_Material provided_
————

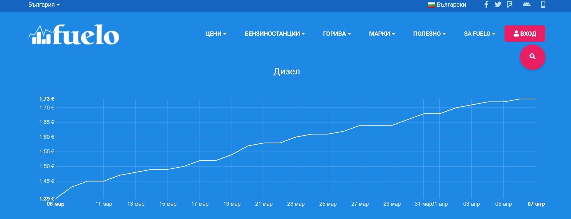 За последния месец дизелът е поскъпнал с 0,34 €/л (24,46%) с тенденция на поскъпване
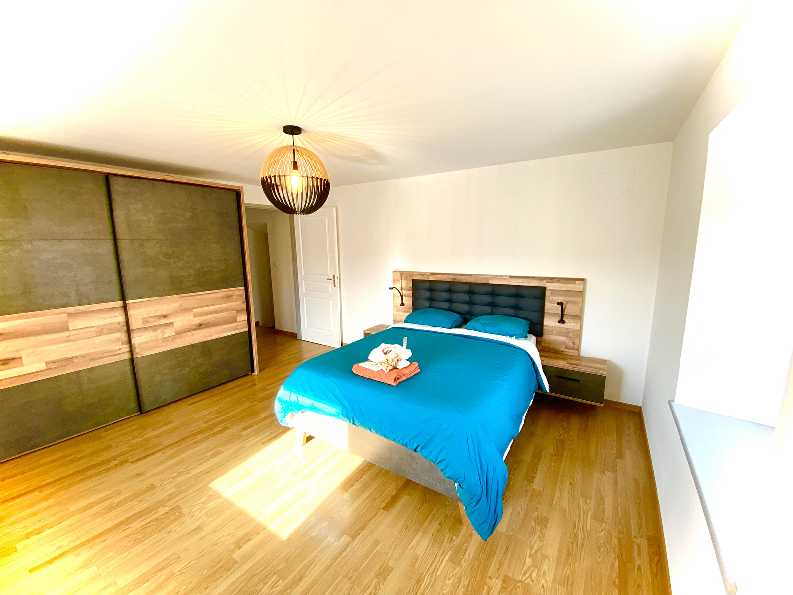 - La chambre est équipée d'un lit double agrémenté de ses tables de chevets avec des lampes incrustées dans le lit ainsi qu'une prise USB pour recharger vos appareils Elle possède également une grande armoire.
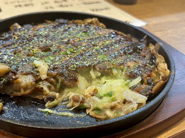 なこき師のレビューでも紹介された、具に大貝(大アサリ、ウチムラサキガイ)を使った貝のお出汁あふれるお好み焼きです。食べてみたい!
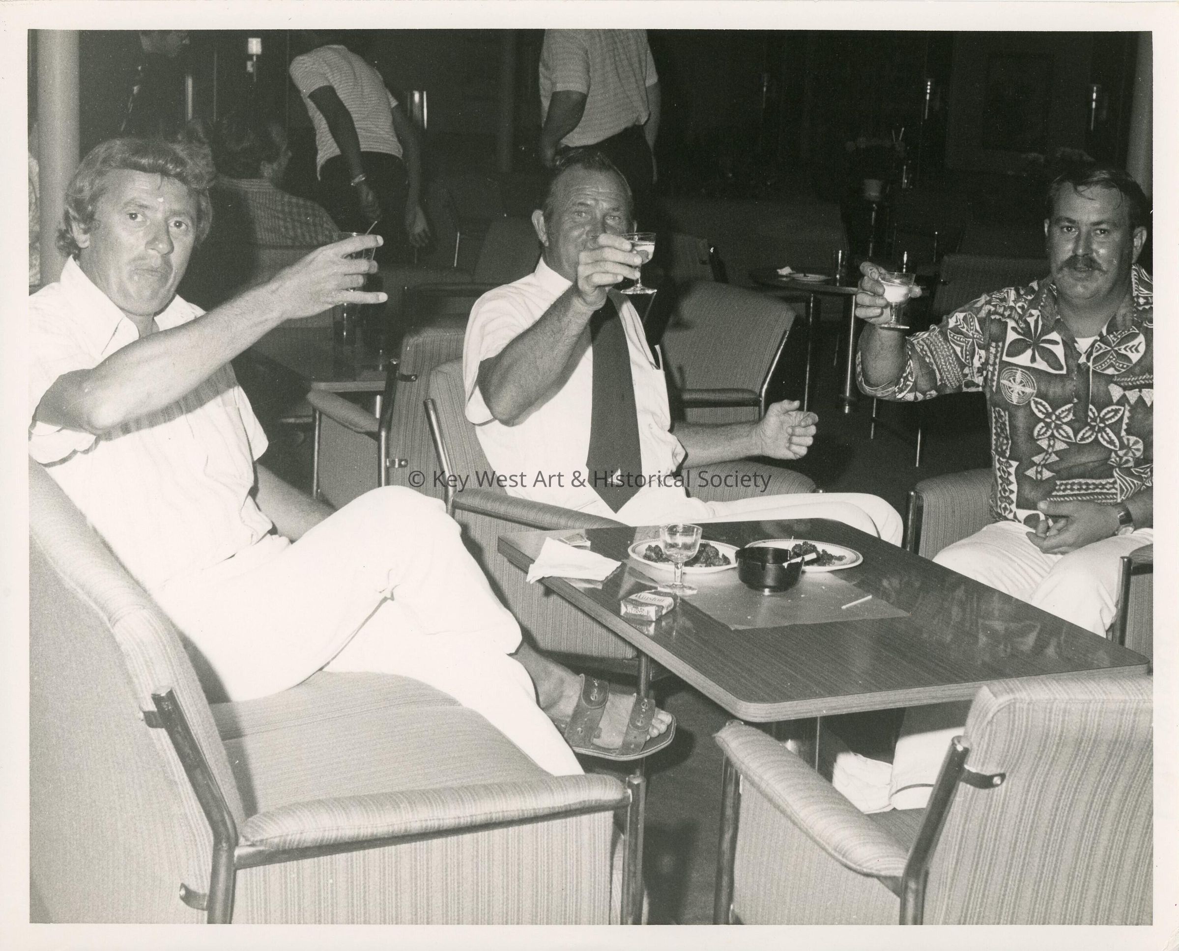 3 Unknown men sitting at a table holding drinks up.Collection

————

Pictures included in the data should be dropped; everything else must be repeated exactly.

_Written answer_
 За последния месец дизелът е поскъпнал с 0,34 €/л (24,46%) с тенденция на поскъпване
 - La chambre est équipée d'un lit double agrémenté de ses tables de chevets avec des lampes incrustées dans le lit ainsi qu'une prise USB pour recharger vos appareils Elle possède également une grande armoire.
 なこき師のレビューでも紹介された、具に大貝(大アサリ、ウチムラサキガイ)を使った貝のお出汁あふれるお好み焼きです。食べてみたい!
 3 Unknown men sitting at a table holding drinks up.Collection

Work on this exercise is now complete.